Symmetry, Integrability and Geometry: Methods and Applications (SIGMA)

SIGMA 16 (2020), 107, 13 pages      arXiv:1907.13417      https://doi.org/10.3842/SIGMA.2020.107

Quasi-Invariants in Characteristic $p$ and Twisted Quasi-Invariants

Michael Ren a and Xiaomeng Xu b
a)  Department of Mathematics, Massachusetts Institute of Technology, Cambridge, MA 02139, USA
b)  School of Mathematical Sciences and Beijing International Center for Mathematical Research, Peking University, Beijing 100871, China

Received July 10, 2020, in final form October 17, 2020; Published online October 27, 2020

Abstract
The spaces of quasi-invariant polynomials were introduced by Chalykh and Veselov [Comm. Math. Phys. 126 (1990), 597-611]. Their Hilbert series over fields of characteristic 0 were computed by Feigin and Veselov [Int. Math. Res.

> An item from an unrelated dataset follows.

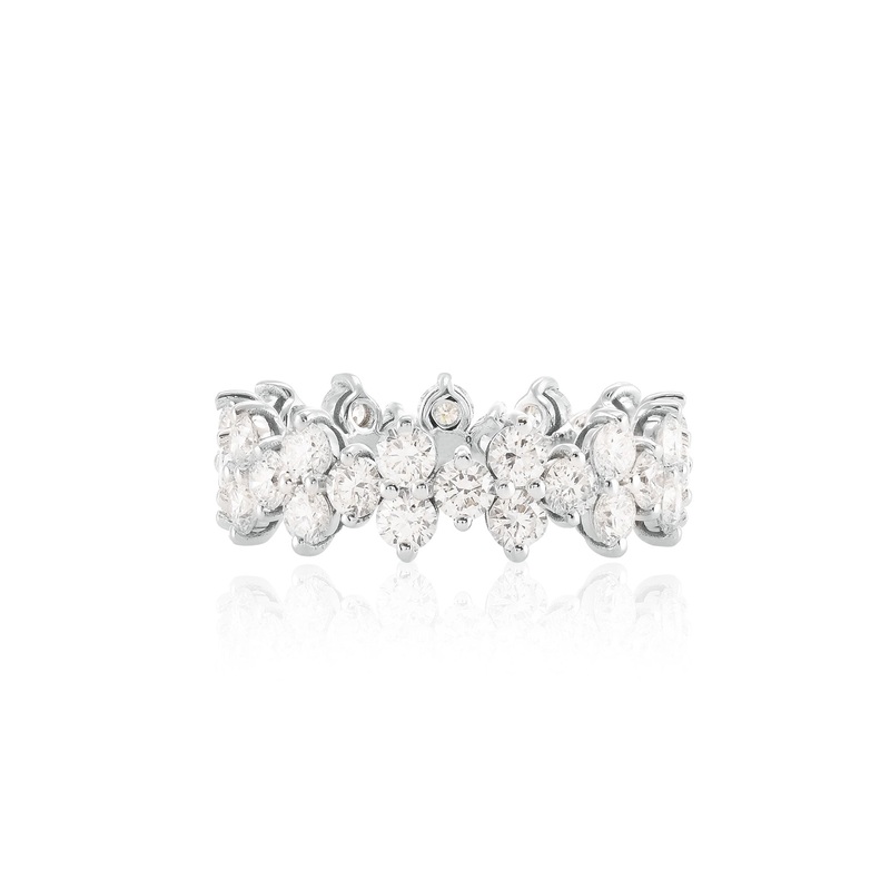 A stunning round brilliant diamond full eternity ring, with 2.60cts collection color diamonds styled in a shared prong hand made setting and mounted in 18K white gold.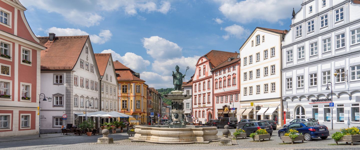 Die Stadt selbst hat einen charmanten Kern mit gepflegten Straßen und Plätzen, auf denen Sie bayerische Gastfreundschaft und regionale Köstlichkeiten erleben können. Der Ort bietet auch kulturelle und historische Sehenswürdigkeiten, wie die Alte Kapelle und das Römische Museum.

Not. 2002 (2002), 521-545]. In this paper, we show some partial results and make two conjectures on the Hilbert series of these spaces over fields of positive characteristic. On the other hand, Braverman, Etingof and Finkelberg [arXiv:1611.10216] introduced the spaces of quasi-invariant polynomials twisted by a monomial. We extend some of their results to the spaces twisted by a smooth function.

Key words: quasi-invariant polynomials; twisted quasi-invariants.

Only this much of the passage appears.